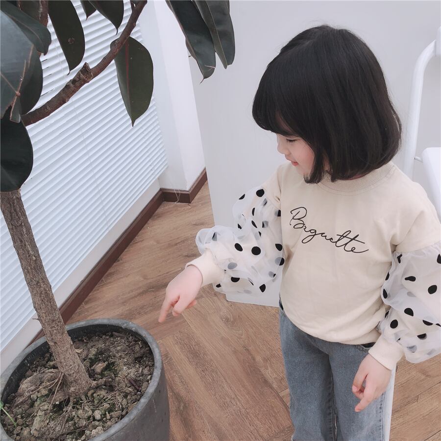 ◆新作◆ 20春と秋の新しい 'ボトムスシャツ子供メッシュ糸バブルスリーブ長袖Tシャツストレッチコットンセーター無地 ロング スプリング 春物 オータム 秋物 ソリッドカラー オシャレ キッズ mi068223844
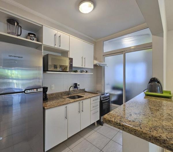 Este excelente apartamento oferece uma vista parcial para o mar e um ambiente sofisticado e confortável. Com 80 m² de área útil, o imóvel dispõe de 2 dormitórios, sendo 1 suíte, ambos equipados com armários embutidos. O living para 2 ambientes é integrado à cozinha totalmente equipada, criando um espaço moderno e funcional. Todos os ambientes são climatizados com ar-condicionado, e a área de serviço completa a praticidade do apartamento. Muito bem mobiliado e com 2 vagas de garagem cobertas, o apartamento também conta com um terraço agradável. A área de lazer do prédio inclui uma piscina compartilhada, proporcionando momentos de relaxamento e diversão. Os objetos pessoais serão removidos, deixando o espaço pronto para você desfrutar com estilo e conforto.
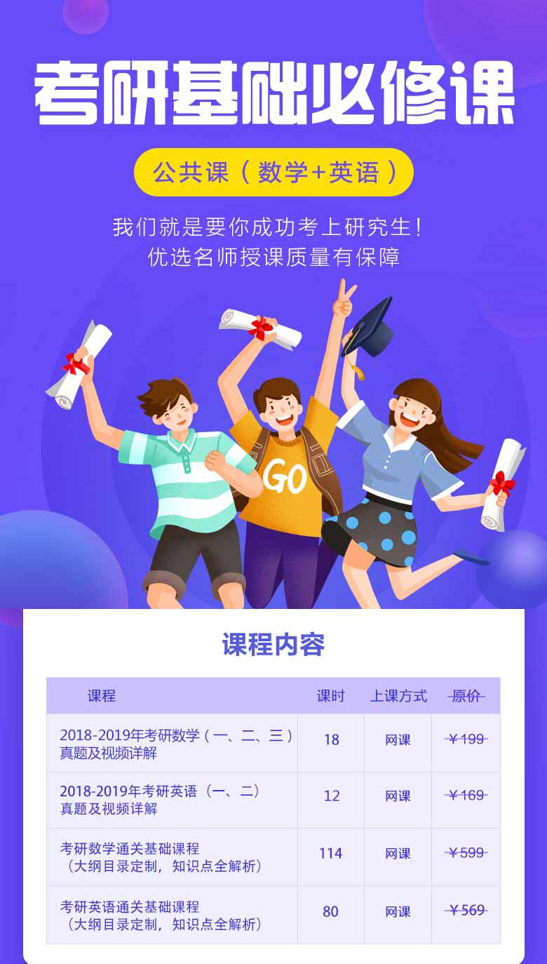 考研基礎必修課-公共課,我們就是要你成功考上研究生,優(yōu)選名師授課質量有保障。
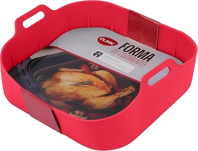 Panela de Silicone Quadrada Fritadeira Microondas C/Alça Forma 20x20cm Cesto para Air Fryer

--------------------------------------------------

Activity =>
Give again, exactly as written above, each line from the one that has "Este excelente apartamento" to the one that has "考研基礎必修課-公共課,我們", both included; omit the pictures.

Completed exercise =>
 Este excelente apartamento oferece uma vista parcial para o mar e um ambiente sofisticado e confortável. Com 80 m² de área útil, o imóvel dispõe de 2 dormitórios, sendo 1 suíte, ambos equipados com armários embutidos. O living para 2 ambientes é integrado à cozinha totalmente equipada, criando um espaço moderno e funcional. Todos os ambientes são climatizados com ar-condicionado, e a área de serviço completa a praticidade do apartamento. Muito bem mobiliado e com 2 vagas de garagem cobertas, o apartamento também conta com um terraço agradável. A área de lazer do prédio inclui uma piscina compartilhada, proporcionando momentos de relaxamento e diversão. Os objetos pessoais serão removidos, deixando o espaço pronto para você desfrutar com estilo e conforto.
 考研基礎必修課-公共課,我們就是要你成功考上研究生,優(yōu)選名師授課質量有保障。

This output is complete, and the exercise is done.